◆ **Problem**
Within the records below, find the line with "боковых зеркал |" and the line with "Palantir Technologies: What It Is", then reproduce exactly those two lines and all lines between them, without any picture.

◆ **Source records**
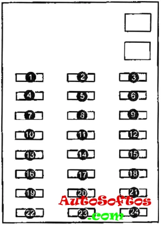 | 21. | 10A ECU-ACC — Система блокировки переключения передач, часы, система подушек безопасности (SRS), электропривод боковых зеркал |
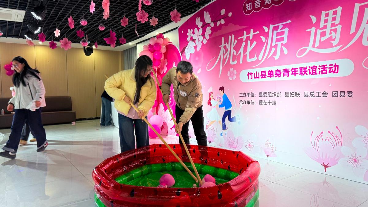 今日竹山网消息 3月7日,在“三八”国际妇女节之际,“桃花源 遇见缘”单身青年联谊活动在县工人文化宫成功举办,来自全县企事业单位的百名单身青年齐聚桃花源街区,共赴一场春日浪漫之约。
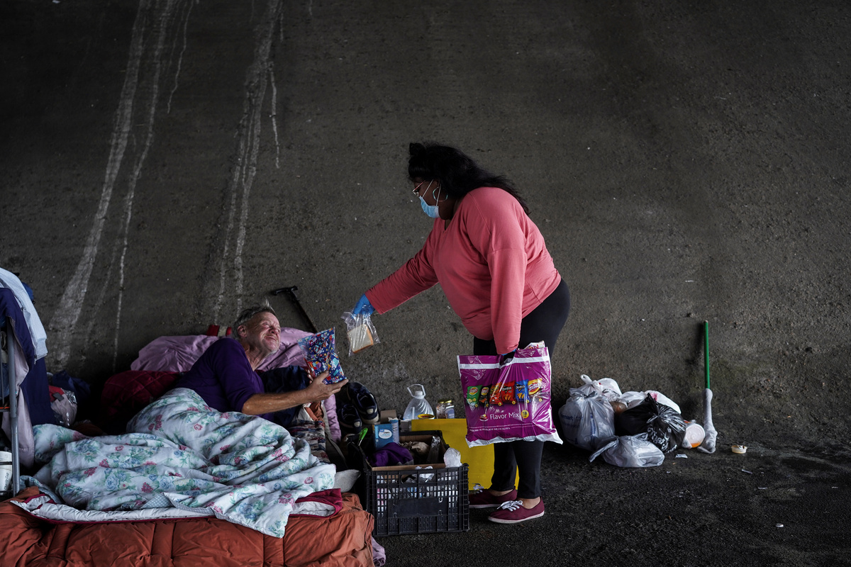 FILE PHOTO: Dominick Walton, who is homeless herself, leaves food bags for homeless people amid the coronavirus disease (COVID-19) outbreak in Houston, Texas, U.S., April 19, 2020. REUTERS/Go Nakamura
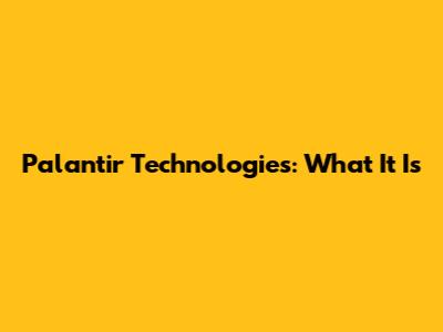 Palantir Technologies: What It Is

* * *

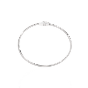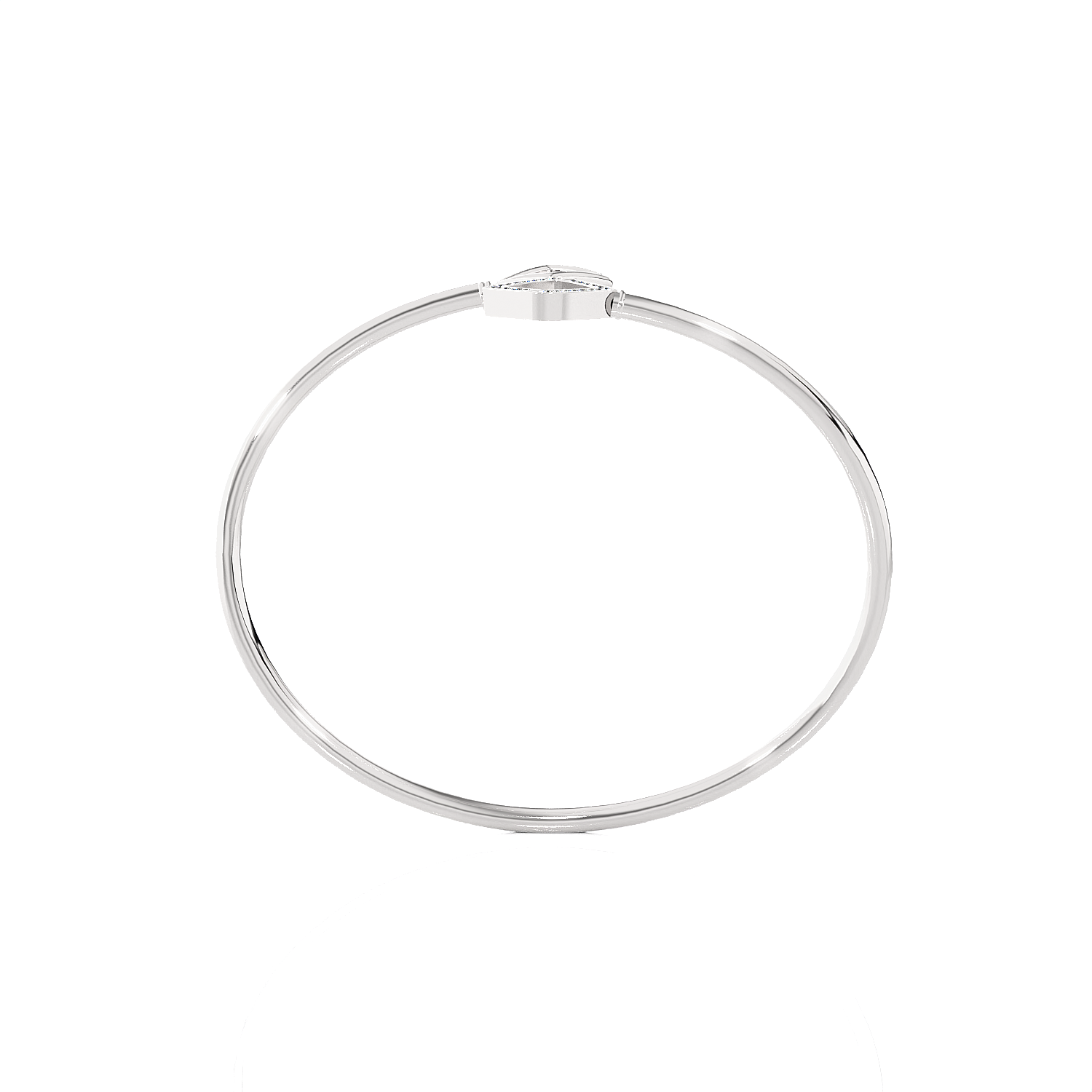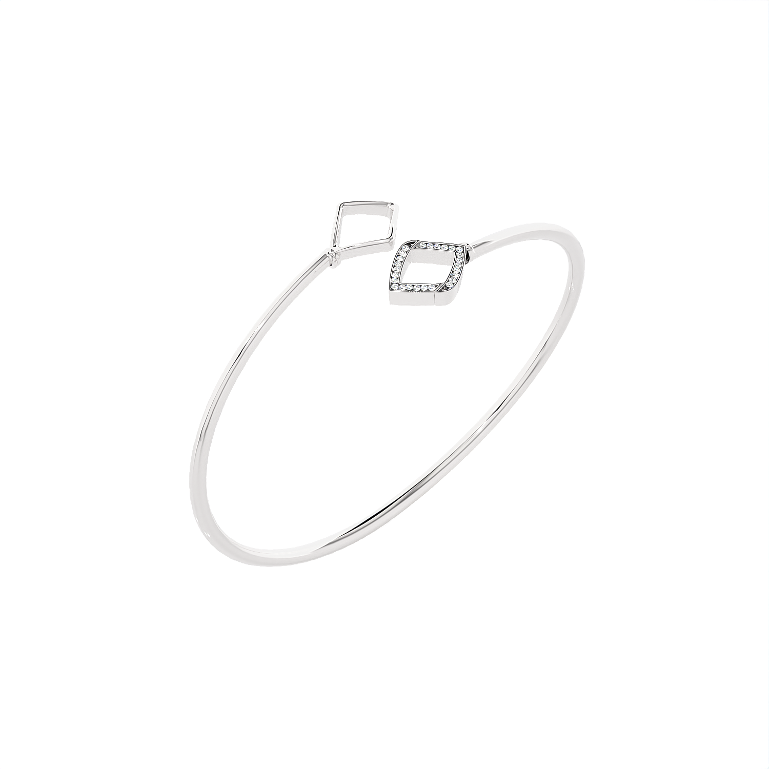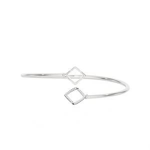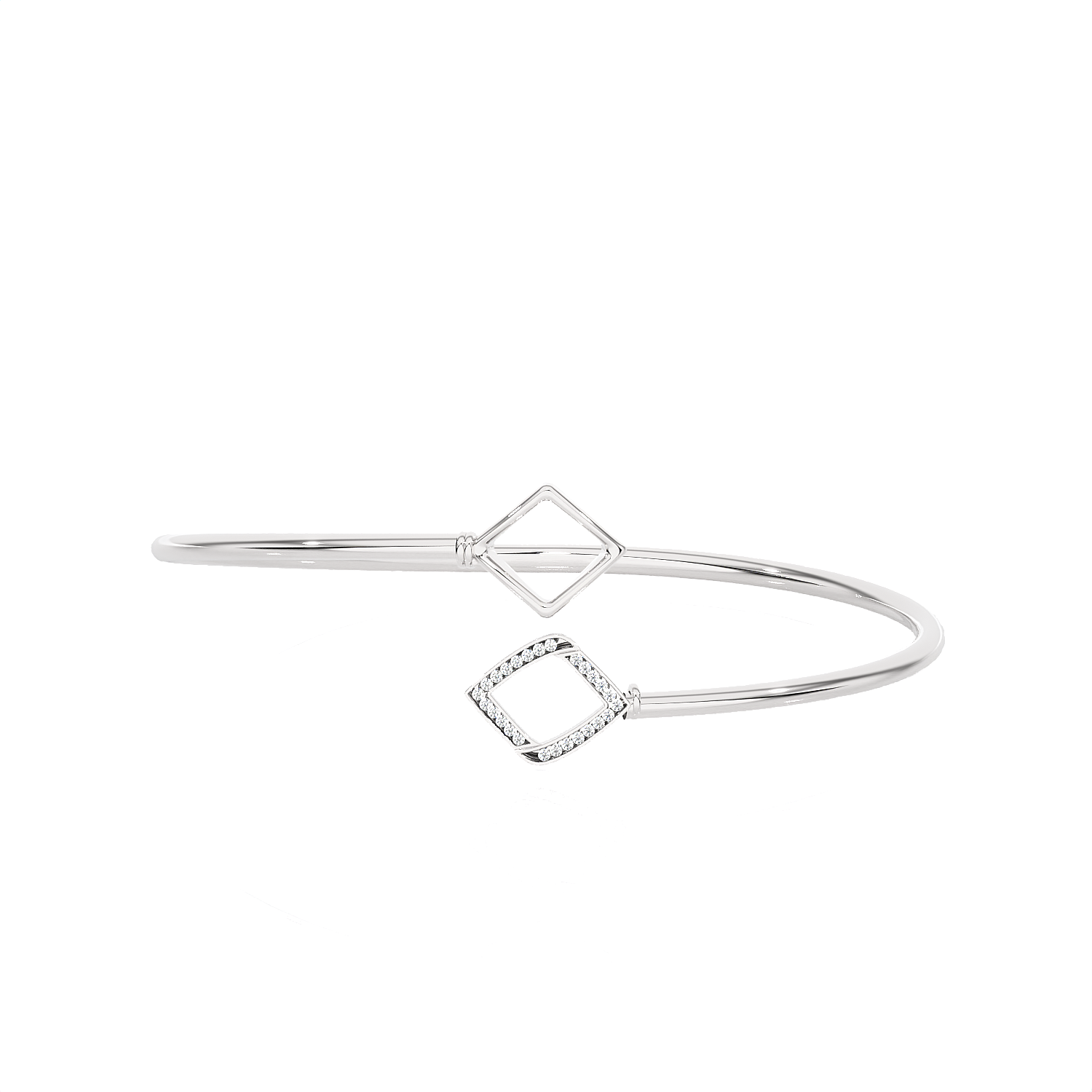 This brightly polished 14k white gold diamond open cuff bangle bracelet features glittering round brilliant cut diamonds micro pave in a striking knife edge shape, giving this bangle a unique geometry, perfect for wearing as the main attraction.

◆ **Written response**
 | 21. | 10A ECU-ACC — Система блокировки переключения передач, часы, система подушек безопасности (SRS), электропривод боковых зеркал |
 今日竹山网消息 3月7日,在“三八”国际妇女节之际,“桃花源 遇见缘”单身青年联谊活动在县工人文化宫成功举办,来自全县企事业单位的百名单身青年齐聚桃花源街区,共赴一场春日浪漫之约。
 FILE PHOTO: Dominick Walton, who is homeless herself, leaves food bags for homeless people amid the coronavirus disease (COVID-19) outbreak in Houston, Texas, U.S., April 19, 2020. REUTERS/Go Nakamura
 Palantir Technologies: What It Is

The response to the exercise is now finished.